ProcessingTimeWindows work directly with the system time so there's no way for flinkspector to manipulate the triggering from the outside than actually wait the required amount of time to trigger the window, this could potentially lead to very long running tests. Also the emitting of records would have to be totally in sync with the processing time triggers which would be very hard to achieve. There is an old branch of flinkspector where somebody tried this but I've never got an pull request so I'm assuming it didn't work as aspected.

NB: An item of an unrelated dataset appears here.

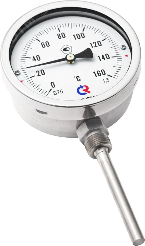 Предназначен для измерения температуры агрессивных жидкостей и газов. Принцип действия термометров БТ основан на зависимости деформации чувствительного элемента от измеряемой температуры. В качестве такого элемента используется биметаллическая пружина. Она изготавливается из двух прочно соединенных металлических пластин, имеющих различные температурные коэффициенты линейного расширения. При изменении температуры пружина изгибается и вращает стрелку. Один конец пружины закреплен внутри штока, а к другому присоединяется ось стрелки.
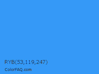 RYB 53,119,247 Color is a normal blue color and the nearest color is Brilliant Azure #3399ff. Hex code #3599f7 and RGB value is rgb(53,153,247). In RGB color space, this color is composed of 21% red, 60% green, 97% blue, In CMYK color space, this color is composed of 79% cyan, 38% magenta, 0% yellow , 3% black , In HSL color space, this color has a hue angle of 209° , 92% saturation and 59% lightness.

Long story short: The only workaround I see is to replace the processingtimewindows during testing with "normal" windows. Or if you just want to test one window evaluation you can insert a mapper with a sleep in it to keep the pipeline running as long as necessary for that window to trigger. But remember to increase the timeout of flinkspector.

Cheers, Alex

lofifnc avatar Sep 25 '16 14:09 lofifnc

Thanks for fast and elaborated answer. However, regarding this statement

... actually wait the required amount of time to trigger the window, this could potentially lead to very long running tests.

I have my timer passed as parameter so for testing I can pass a much shorter timer. I realise that it would mean that the record emitting needs to happen all at once, but that's a limitation I can live with. If I want to achieve this, I doubt that it is as simple as removing testEnv.setStreamTimeCharacteristic(TimeCharacteristic.EventTime); Any pointers to what more I have to modify.

  • The sleep addition to keep the pipeline running sounds like a good workaround, but I could not get it to work. I added Thread.sleep with an amount that is more than the window timer but less than the spector timeout and the timer did not trigger. Any ideas?

rami-alisawi avatar Sep 25 '16 15:09 rami-alisawi

It might be useful to use a dedicated clock object inside flink or flink-spector to simulate the time.

kaelumania avatar Nov 14 '16 16:11 kaelumania

A clock object inside Flink which could be manipulated from the outside and represents processing time would be a really neat feature for testing. In a way EventTime represents such a mechanism, which is why it is used for flink-spector. The downside is that is would be nice to test the relationship of event time and processing time.

Spark Streaming and Storm have a clock object which can be played with during local execution and testing. This is realized by running the pipelines in a specialized local runtime environment. When Flink runs locally it will start up a cluster and run in that cluster completely isolated from the user. The processing time windows in Flink directly access the system time of the machine they are running on. To implement a clock which can be manipulated would mean to replace the System.currentTimeMillis() call inside Flink by an object which can be somehow interchanged during tests. But this object would not be accessible during tests, which means you would have to implement a messaging system which let's you change the time of that object. This would be a pretty big intrusion into one of Flink's core functionalities.

What I have been thinking about is writing a own TimeWindow implementation which you would have to use during tests containing a clock you which can manipulated. The downside is that you would have to replace the normal timeWindow() calls of your code during tests. Also any other user code using some form of system time is still not testable.

I'm not sure if there is a better way in doing this. I personally dropped the idea of just waiting for the clock to progress. The emitting of a record and when it will be processed by the window can not be synced up.